Stripe's annual data provides the framework for a thriving and expanding company. Stripe is so big that its growth must be compared to the overall growth of the payments space. By that measure, the company is outperforming its market.

Main development points

According to Stripe, they exceeded the limit of Total payments volume of $1 trillion in 2023, a significant figure. The threshold is certainly impressive, but when recent growth numbers are considered, it becomes even more impressive. According to its data, its payment volume increased by 25% in 2023. If the company processed $1 trillion last year, it would mean processing $800 billion in 2022 and POS revenue of $200 billion in a single anus. It's an impressive result for Stripe's size.

Stripe's fee starts at 2,9%, with an additional 30 cent charge for domestic card transactions. This indicates that the payment volume it added last year, even with volume discounts, represented significant new revenue for the company.

Income translates into cash flow, which is a crucial measure for investors.
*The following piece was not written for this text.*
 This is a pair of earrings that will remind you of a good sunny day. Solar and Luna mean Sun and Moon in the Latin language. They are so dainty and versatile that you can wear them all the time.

The company says it "was strongly cash flow positive in 2023 and expects to be cash flow positive again in 2024," indicating it likely won't need to raise more funding before going public. That may be part of the reason it's not looking for an IPO anytime soon: IPOs are mechanisms for raising funds, and Stripe doesn't currently need it.
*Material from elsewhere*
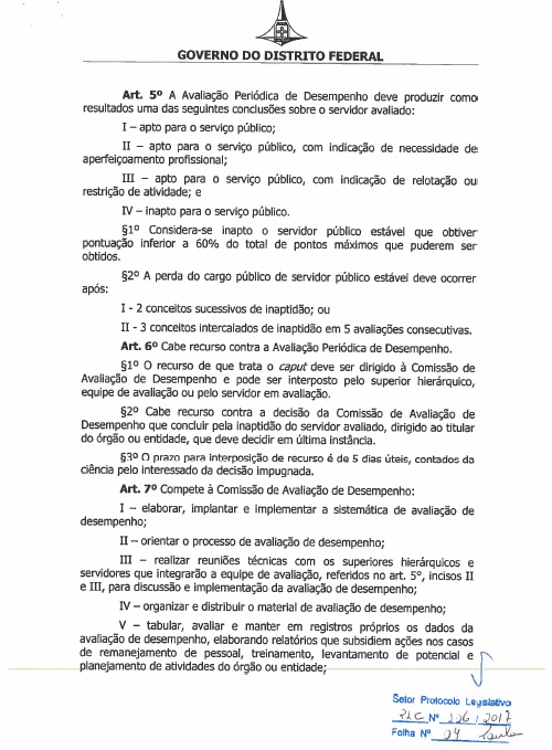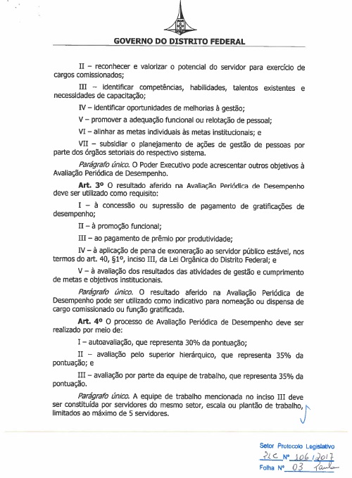 O Projeto de Lei Complementar 106/2017, enviado pelo governador Rodrigo Rollemberg à Câmara Legislativa, estabelece avaliações de aptidão para os servidores de carreira do GDF.

Two additional pieces of information stand out.

Now, at least a hundred companies use their service and process a billion dollars or more a year with Stripe. Those companies represent about 10% of its total payments volume, which indicates some concentration of customers (a concern for some investors, although it does not affect the risk radar), but more importantly, it means that Stripe is achieving retain large accounts for a long time. Any company that processes so many payments through Stripe could choose to establish an in-house solution or look for a more in-house alternative. However, the fact that so many large accounts are sticking with Stripe shows that customers won't necessarily abandon the payment services it offers. This portends future growth and income stability.

Additionally, this year, its “Revenue and Finance Automation” group's offerings are expected to reach an annual run rate of $500 million: tools that help businesses manage billing, taxes, and revenue recognition. income. That run rate would be enough for that business unit to become a legally publicly traded company. This gives Stripe a software story to tell, as well as a large-scale payments operation. Revenue diversity allows for fast-growing and potentially high-margin revenues.
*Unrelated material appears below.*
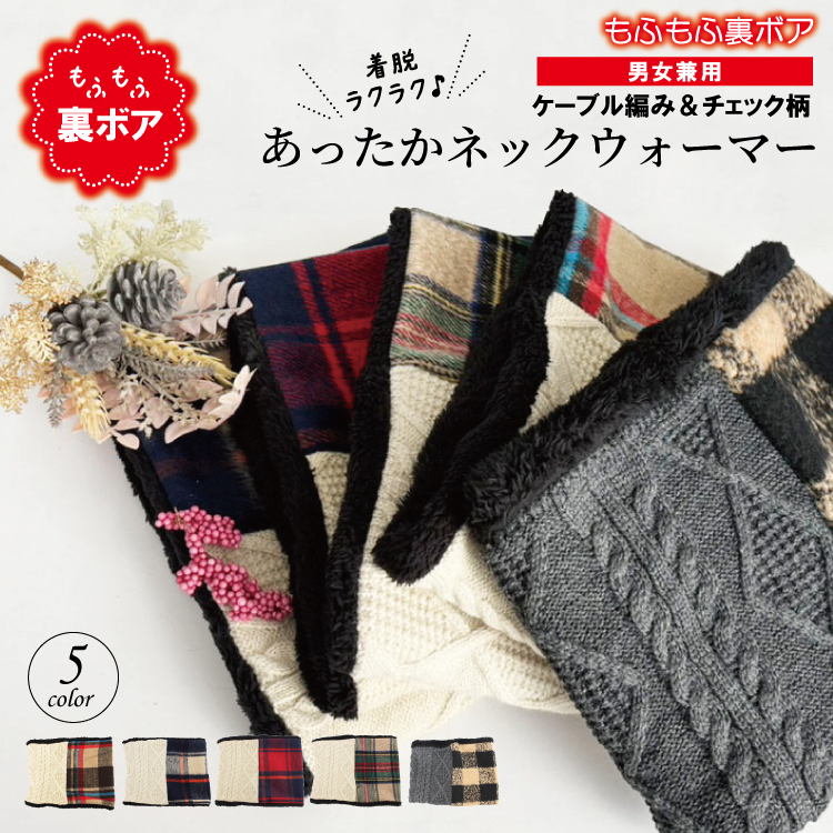 | 着脱ラクラク♪モフモフボアのあったかネックウォーマー | | 表はデザイン的にも秋冬らしいケーブル編みとチェック♪裏はフワフワのボアだから、抜群の温かさと付け心地♪通学や通勤はもちろん、お家でのくつろぎタイムでも重宝するあったかネックウォーマーです♪カラーはブラック、オフホワイト、レッド、グリーンの4種類からお選びいただけます♪ |

The surprising success of a startup

A decrease in venture capital financing continues to be observed. However, Stripe says that doesn't stop people from setting up new businesses. In fact, the year 2023 marked a record in the creation of startups. The company says the United States leads in that field, but there has also been progress in Canada, the Netherlands and Sweden.

Even without venture capital backing, these startups are finding success. For example, according to Stripe, startups founded in 2022 (the most recent full year of data) were 60% more likely to start raising revenue in their first year, while startups founded in 2019 were 57% more likely to start collecting revenue in their first year. probability of processing $1 million in its first year.

That's pretty impressive given that the year 2023 began with some people saying that the predictors of startup success would come down to more frequently reassessing budgets and plans and finding a path to balance.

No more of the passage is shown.